Introduction

In the diagnosis of thyroid nodules, both ultrasound (US) and US-guided fine-needle aspiration biopsy (US-FNAB) are important diagnostic tools, because they are simple, safe, accurate, and cost-effective. Due to the high prevalence of thyroid nodules, it is impossible to aspirate every thyroid nodule detected on US and determining which nodules should be aspirated is an essential part of treatment. Many organizations, such as the American Thyroid Association (ATA) [1], American Association of Clinical Endocrinologists and Associazione Medici Endicrinologi (AACE/ANE) [2], and the Society of Radiologists in Ultrasound (SRU) [3], have recommended guidelines to determine which nodules should be aspirated. The SRU [3] emphasized the size of masses, all of these organizations [13] stressed the importance of US features of focal thyroid nodules.

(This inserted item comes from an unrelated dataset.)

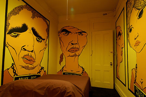 For the second room, which I painted on my own, I knew right away that I wanted to paint large haunting faces. That led me to the idea of creating mug shots. In preparing for the project I did a ton of research on old mug shots from the 1920’s and 1930’s. Every single person that appeared in these shots looked like serious characters. As I flipped through them I thought to my self, “what did this person do? What went wrong? How did they get caught?” I was amazed at how one single photo, in this case a mug shot, could spark so many specific kinds of questions. I wanted to create those same questions for someone else with my own characters. It was a very simple idea that I could execute rather quickly, so I went for it.
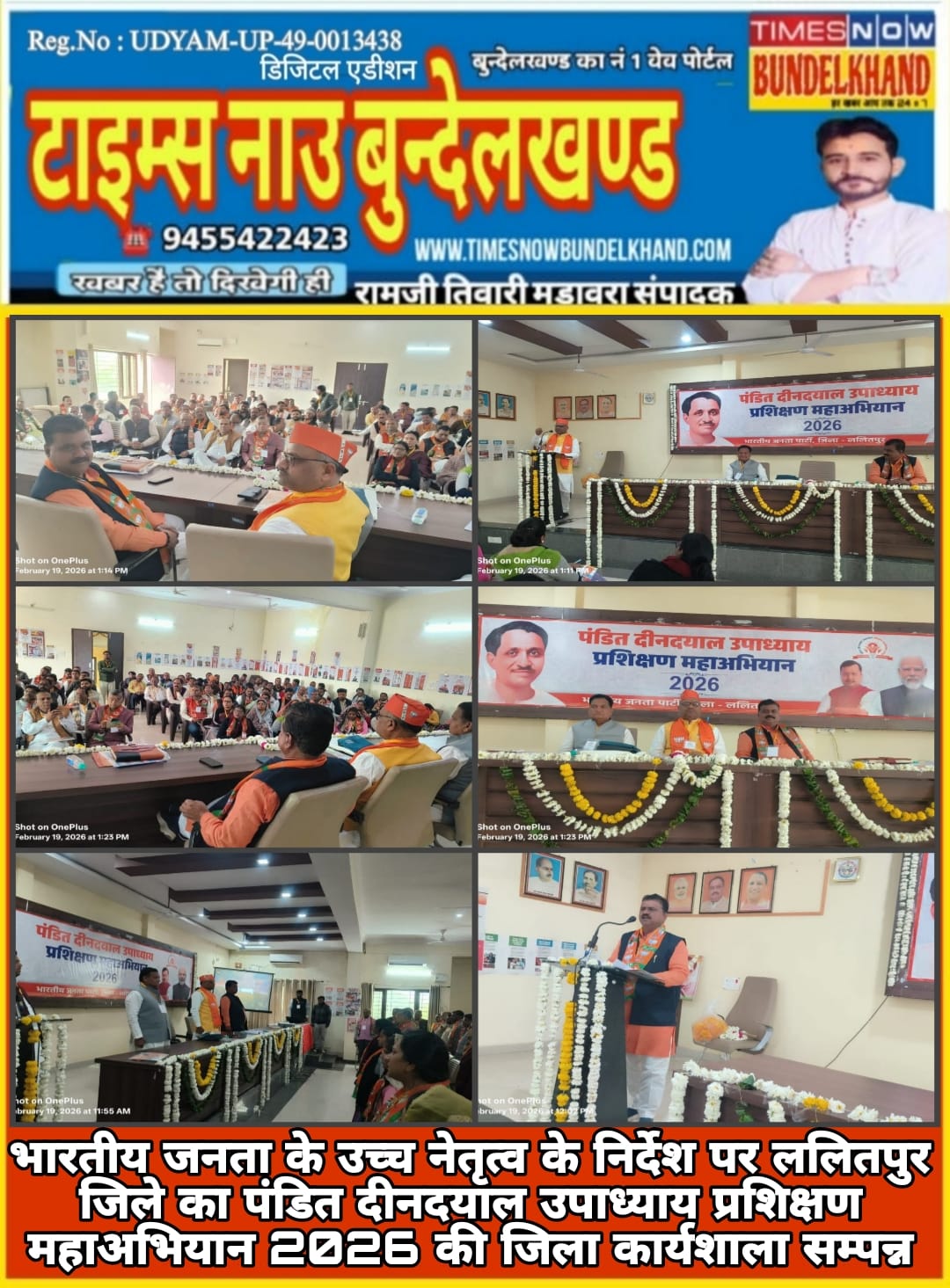 ललितपुर -आज भारतीय जनता पार्टी के जिला कार्यालय पर भारतीय जनता पार्टी के उच्च नेतृत्व के निर्देश पर पंडित दीनदयाल उपाध्याय प्रशिक्षण महाअभियान 2026 की कार्यशाला दो सत्रों में दस बजे से चार बजे तक आयोजित हुई। जिसमें प्रमुख कार्यकर्ताओं, पदाधिकारियों, जनप्रतिनिधियों को भारतीय जनता पार्टी की रीतियों, नीतियों को लेकर मुख्य अतिथि कानपुर बुन्देलखण्ड क्षेत्र के जिला महामंत्री रामकिशोर साहू द्वारा प्रशिक्षण दिया गया।

Although US-FNAB is highly regarded as a diagnostic tool, it also has a relatively high false-negative rate, ranging from 0.7 to 21% [48]. To reduce the false-negative rate of FNAB, performing repeat aspirations may be considered. While several researchers recommend performing routine repeat aspirations on thyroid nodules [9, 10], others disagree [1, 2, 11]. Shin et al. [12] demonstrated that the risk of malignancy was higher in thyroid nodules with clinico-radiological suspicion of malignancy than that in nodules without clinico-radiological suspicion of malignancy, and they suggested that follow-up for benign-looking nodules with benign cytological results could be performed using imaging surveillance rather than repeated US-FNAB. However, they did not state which findings showed sonographically suspicious features and what the risk of malignancy was according to either US features or cytological findings, or a combination of US and cytological results.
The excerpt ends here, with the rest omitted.